Fibroblasts are a critical cell type in connective tissue that play a key role in fibrosis. Fibroblasts may transition to myofibroblasts, a normal process in wound healing. However, their persistent presence is key in driving tissue fibrosis.

Along with other treatment candidates BLR Bio is developing, BLR-200 is based on a family of naturally occurring proteins. These proteins, called CCN or cellular communication network, regulate the communication between fibroblasts and myofibroblasts in normal wound healing. Fibrosis and inflammation occur when CCN proteins fail to control the creation and removal of myofibroblasts.

Specifically, BLR200 is a CCN3-derived peptide — a chain of amino acids, the building blocks of proteins — that may block the CCN2 protein involved in fibrosis, thus reducing scar tissue deposits.

By targeting CCN proteins and other pro-inflammatory and pro-fibrotic components, BLR-200 is expected to block or reverse the progression of fibrosis. According to BLR Bio, early research showed that BLR-200 could reduce skin fibrosis in a model of scleroderma.

Our therapy addresses multiple disease-supporting elements or redundancies in the pathways to initiation and progression, and targets a key scar-forming cell population of myofibroblasts.

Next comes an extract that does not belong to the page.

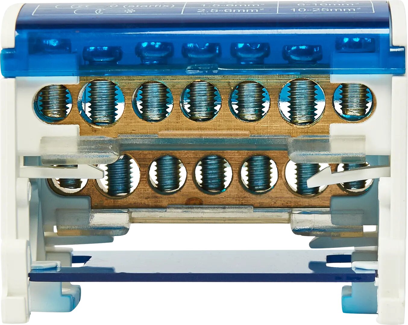 - Шины закреплены в корпусе, который имеет возможность крепления на DIN-рейку 35 мм.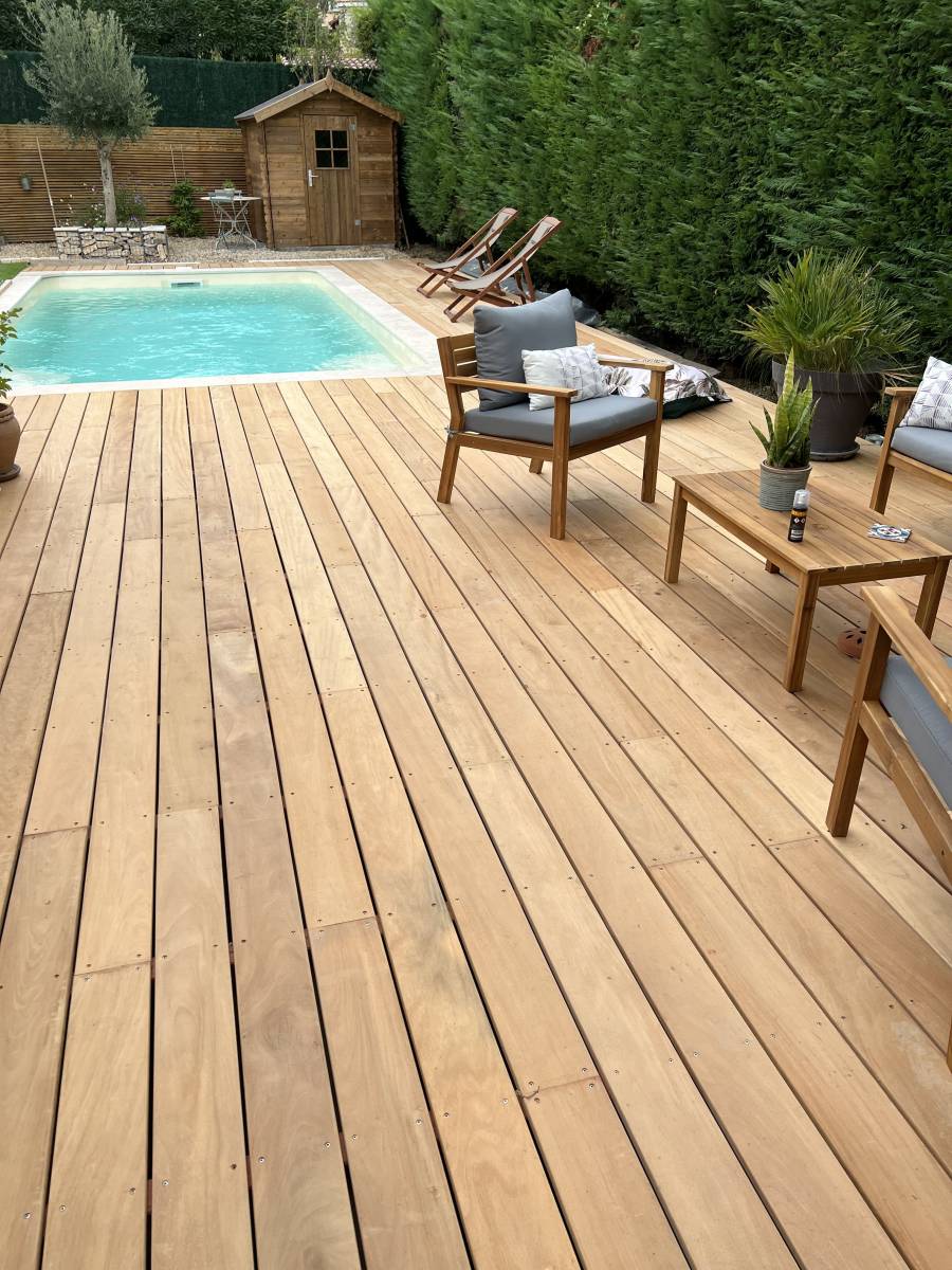 L'entreprise Masclaux toiture a réalisé l'aménagement extérieur de cette piscine à Nîmes. Pour la réalisation de cette terrasse, nous avons choisi un bois exotique, le Garapa. Ce bois très résistant permet une durabilité dans le temps à toute épreuve.

Bruce Riser, PhD, CEO at BLR Bio, said the therapy candidate focuses on the causes of scleroderma.

“Our therapy addresses multiple disease-supporting elements or redundancies in the pathways to initiation and progression, and targets a key scar-forming cell population of myofibroblasts,” Riser said.

“The FDA’s granting of orphan drug designation to BLR-200 highlights the urgent need for new and innovative therapeutic options for patients afflicted with the disease,” Riser added.

In 2022, BLR Bio and investigators at the University of Saskatchewan, in Saskatoon, Canada, were awarded a $780,000 CAD grant (about $565,000) from the Canadian Institutes of Health Research to study BLR-200 in scleroderma.